> **Work instructions**: For the records that follow, restate each one word for word and leave the images behind.

> **Exercise materials**:
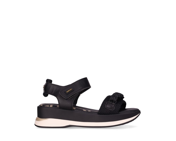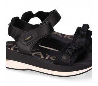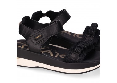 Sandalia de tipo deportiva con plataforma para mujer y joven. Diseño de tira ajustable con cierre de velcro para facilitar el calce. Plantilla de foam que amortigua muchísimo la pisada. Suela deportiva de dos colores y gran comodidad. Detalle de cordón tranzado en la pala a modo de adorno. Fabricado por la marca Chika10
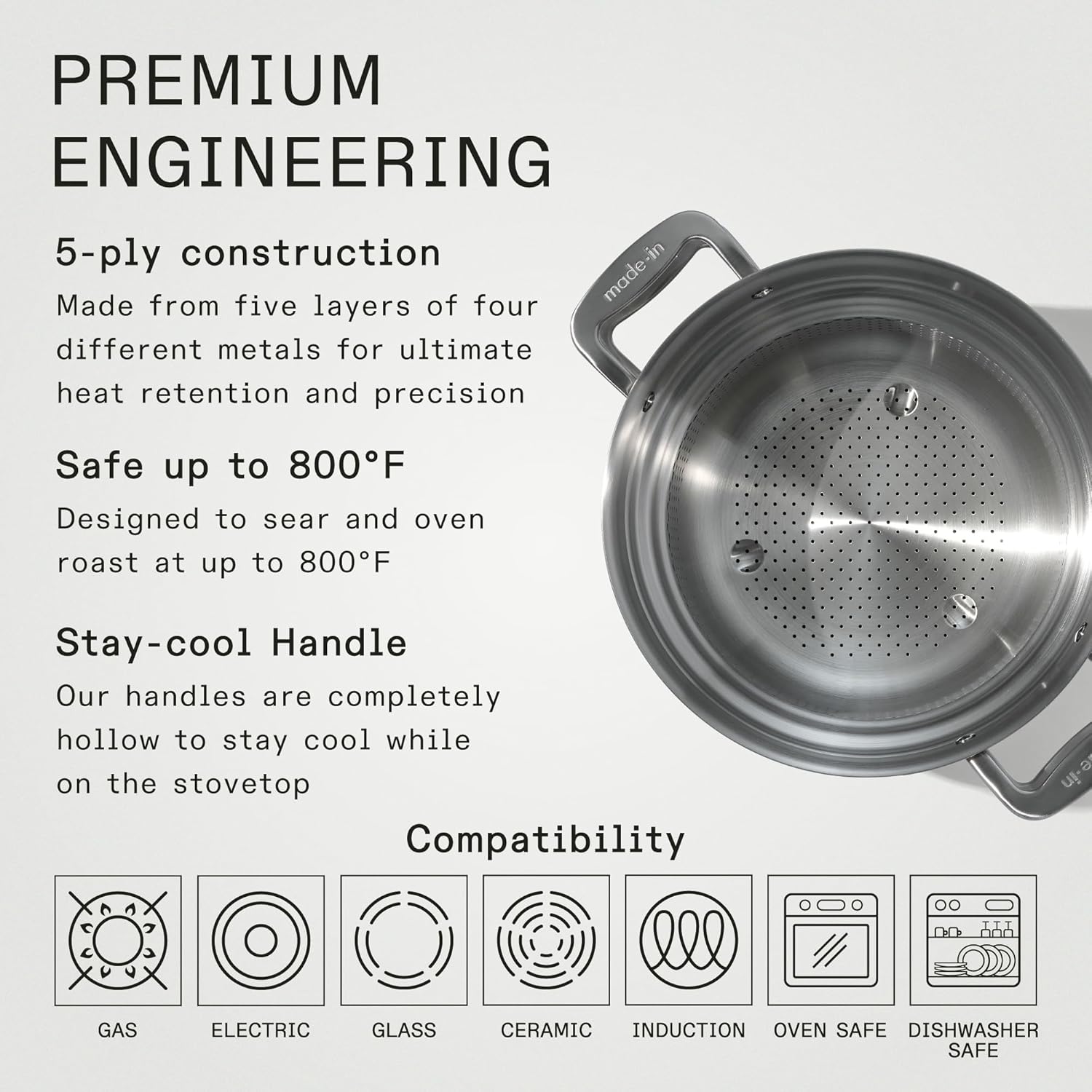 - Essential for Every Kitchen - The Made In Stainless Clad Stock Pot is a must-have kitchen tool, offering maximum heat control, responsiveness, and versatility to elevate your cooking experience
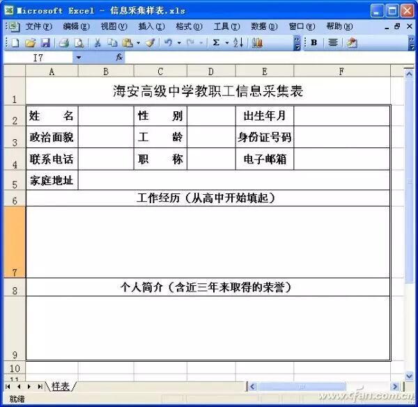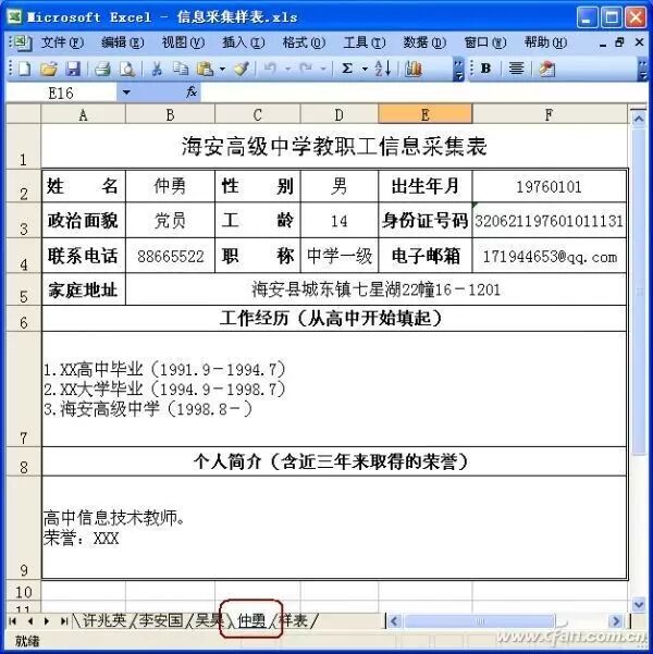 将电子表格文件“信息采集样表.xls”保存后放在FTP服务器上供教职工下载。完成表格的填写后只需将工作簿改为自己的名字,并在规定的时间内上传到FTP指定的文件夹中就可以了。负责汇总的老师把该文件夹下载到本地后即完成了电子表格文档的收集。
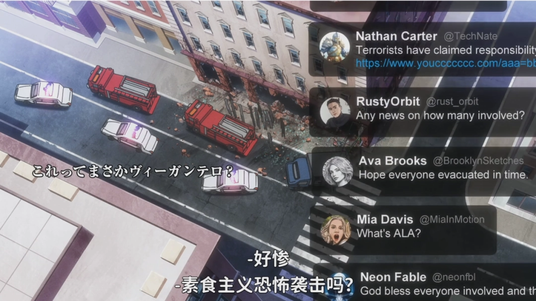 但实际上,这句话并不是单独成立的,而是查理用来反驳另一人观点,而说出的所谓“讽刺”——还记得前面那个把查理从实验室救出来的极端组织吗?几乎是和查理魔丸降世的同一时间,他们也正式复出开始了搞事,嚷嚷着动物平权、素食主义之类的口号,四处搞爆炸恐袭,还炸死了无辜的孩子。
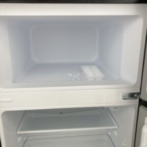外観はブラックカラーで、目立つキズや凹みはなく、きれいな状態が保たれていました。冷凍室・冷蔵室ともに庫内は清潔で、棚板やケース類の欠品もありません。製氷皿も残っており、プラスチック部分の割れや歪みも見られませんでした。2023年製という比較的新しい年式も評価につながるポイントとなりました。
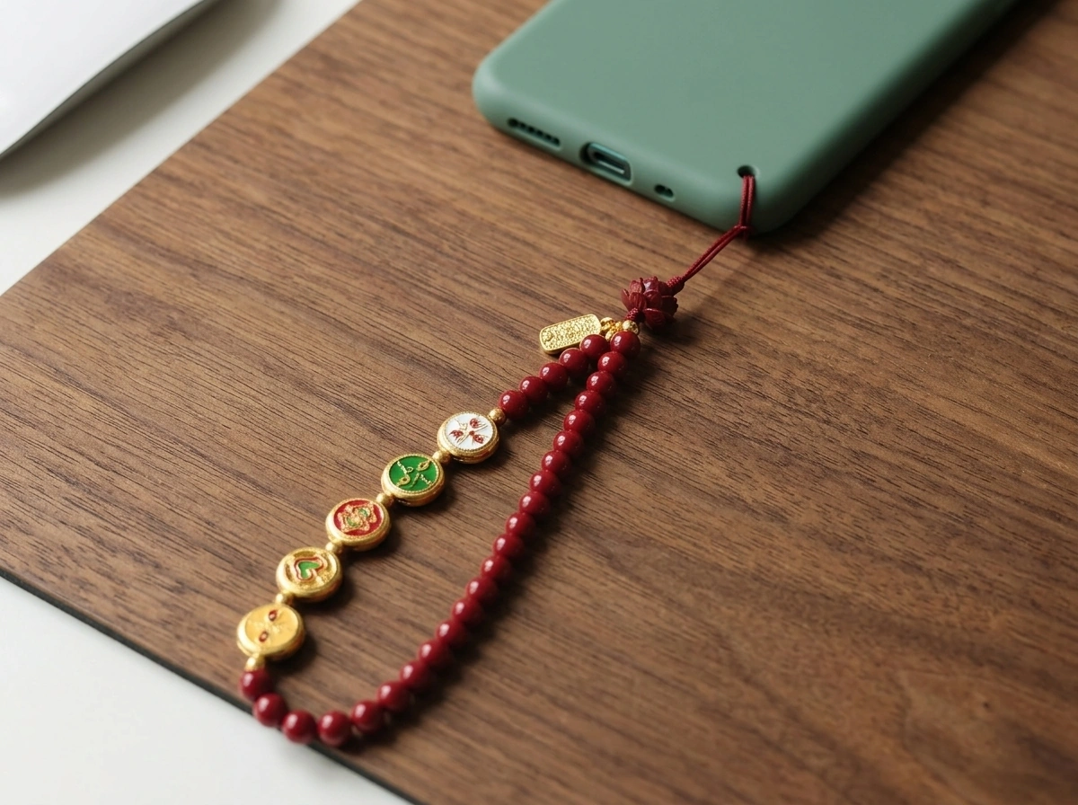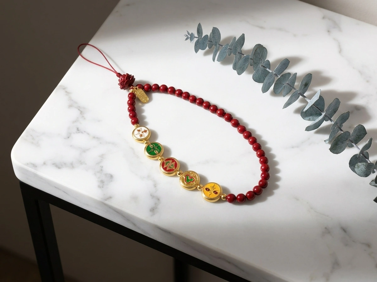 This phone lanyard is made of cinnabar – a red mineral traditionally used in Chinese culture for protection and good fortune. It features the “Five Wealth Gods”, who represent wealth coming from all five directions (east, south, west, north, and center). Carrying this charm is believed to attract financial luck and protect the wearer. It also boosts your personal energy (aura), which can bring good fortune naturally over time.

> **Exercise solution**:
 Sandalia de tipo deportiva con plataforma para mujer y joven. Diseño de tira ajustable con cierre de velcro para facilitar el calce. Plantilla de foam que amortigua muchísimo la pisada. Suela deportiva de dos colores y gran comodidad. Detalle de cordón tranzado en la pala a modo de adorno. Fabricado por la marca Chika10
 - Essential for Every Kitchen - The Made In Stainless Clad Stock Pot is a must-have kitchen tool, offering maximum heat control, responsiveness, and versatility to elevate your cooking experience
 将电子表格文件“信息采集样表.xls”保存后放在FTP服务器上供教职工下载。完成表格的填写后只需将工作簿改为自己的名字,并在规定的时间内上传到FTP指定的文件夹中就可以了。负责汇总的老师把该文件夹下载到本地后即完成了电子表格文档的收集。
 但实际上,这句话并不是单独成立的,而是查理用来反驳另一人观点,而说出的所谓“讽刺”——还记得前面那个把查理从实验室救出来的极端组织吗?几乎是和查理魔丸降世的同一时间,他们也正式复出开始了搞事,嚷嚷着动物平权、素食主义之类的口号,四处搞爆炸恐袭,还炸死了无辜的孩子。
外観はブラックカラーで、目立つキズや凹みはなく、きれいな状態が保たれていました。冷凍室・冷蔵室ともに庫内は清潔で、棚板やケース類の欠品もありません。製氷皿も残っており、プラスチック部分の割れや歪みも見られませんでした。2023年製という比較的新しい年式も評価につながるポイントとなりました。
 This phone lanyard is made of cinnabar – a red mineral traditionally used in Chinese culture for protection and good fortune. It features the “Five Wealth Gods”, who represent wealth coming from all five directions (east, south, west, north, and center). Carrying this charm is believed to attract financial luck and protect the wearer. It also boosts your personal energy (aura), which can bring good fortune naturally over time.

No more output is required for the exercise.